● **Data shown**
[Start of section]
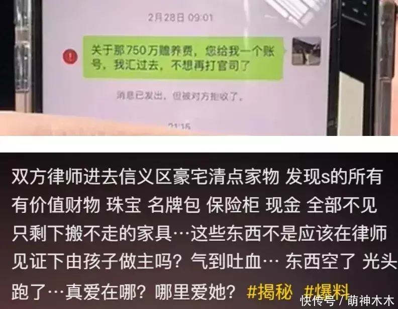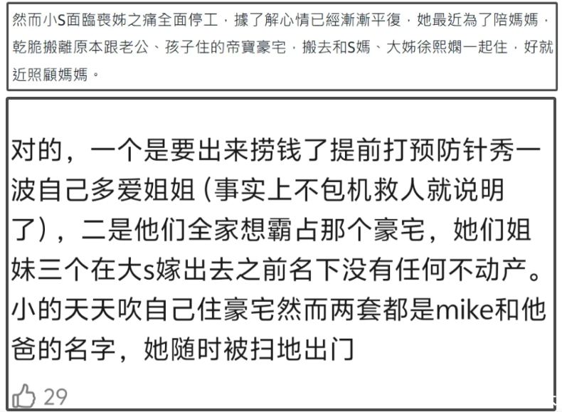 联想到大S留下两个豪宅,一个被S妈牢牢霸占,小S都搬进去住了,一个因为房贷未清成了烫手山芋,里面贵重物品被搬空,房贷甩给了两个孩子承担。
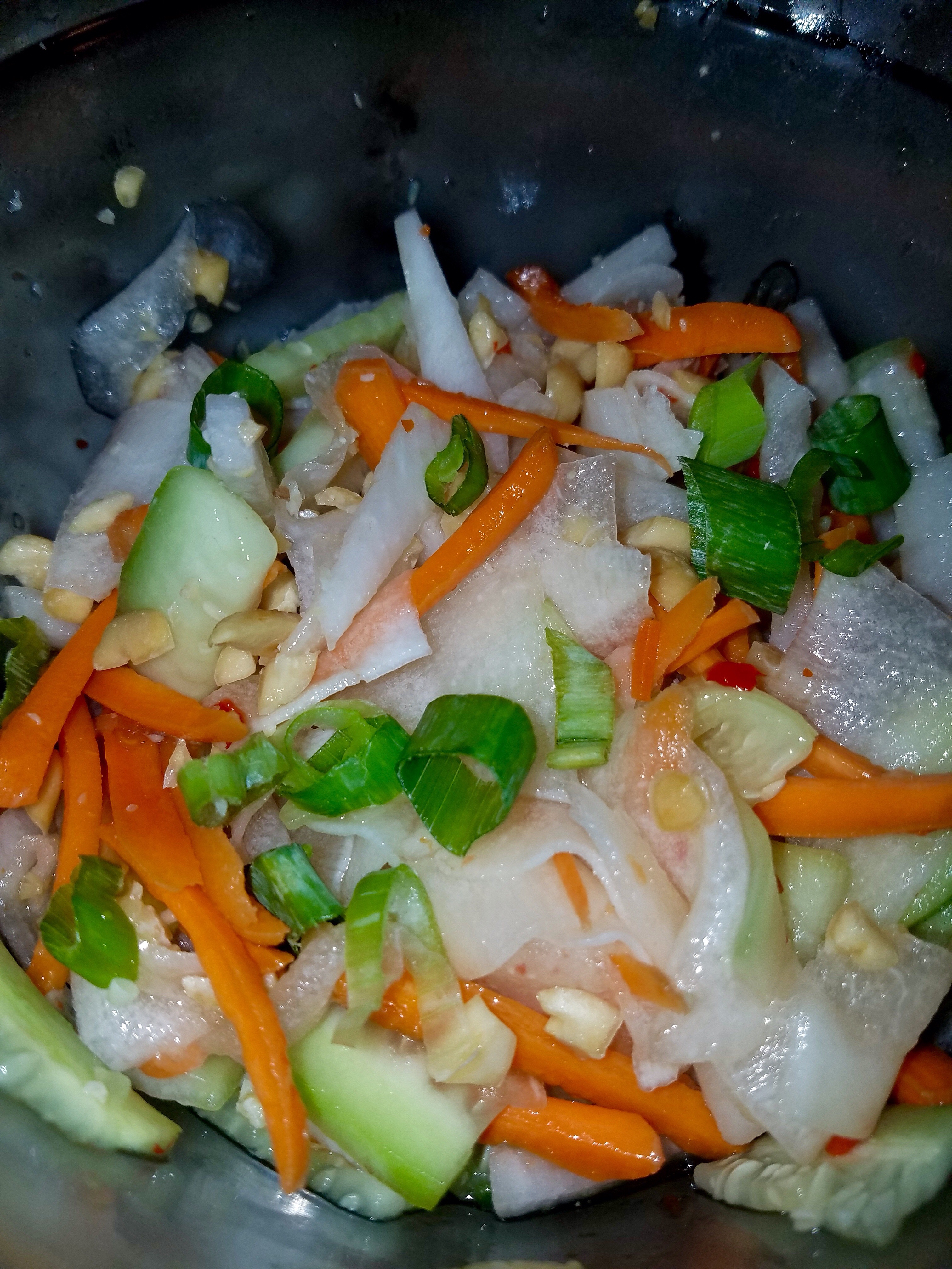 Finally, a wonderful Du’a Chuat (I hope I got that right)…cucumber, carrot and radish salad. I have been making this refreshing salad for years, sometimes even sneaking it into a Thai meal because I love it so much! I like to top it with crushed peanuts and scallions.
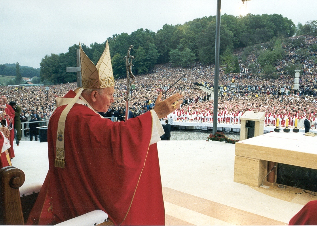 Foto: “Najveći bistrički Hodočasnik”, sada svetac, Ivan Pavao II., papa na misi proglašenja blaženim zagrebačkog nadbiskupa i kardinala Alojzija Viktora Stepinca, 3. listopada 1998. godine. Blagoslivlja hodočasnike koji su prekrili “Stepinčevu marijabistričku kalvariju”.
[End of section]
● **Work instruction**
Excluding pictures, reproduce the listing above exactly as it stands.

● **Written solution**
 联想到大S留下两个豪宅,一个被S妈牢牢霸占,小S都搬进去住了,一个因为房贷未清成了烫手山芋,里面贵重物品被搬空,房贷甩给了两个孩子承担。
 Finally, a wonderful Du’a Chuat (I hope I got that right)…cucumber, carrot and radish salad. I have been making this refreshing salad for years, sometimes even sneaking it into a Thai meal because I love it so much! I like to top it with crushed peanuts and scallions.
 Foto: “Najveći bistrički Hodočasnik”, sada svetac, Ivan Pavao II., papa na misi proglašenja blaženim zagrebačkog nadbiskupa i kardinala Alojzija Viktora Stepinca, 3. listopada 1998. godine. Blagoslivlja hodočasnike koji su prekrili “Stepinčevu marijabistričku kalvariju”.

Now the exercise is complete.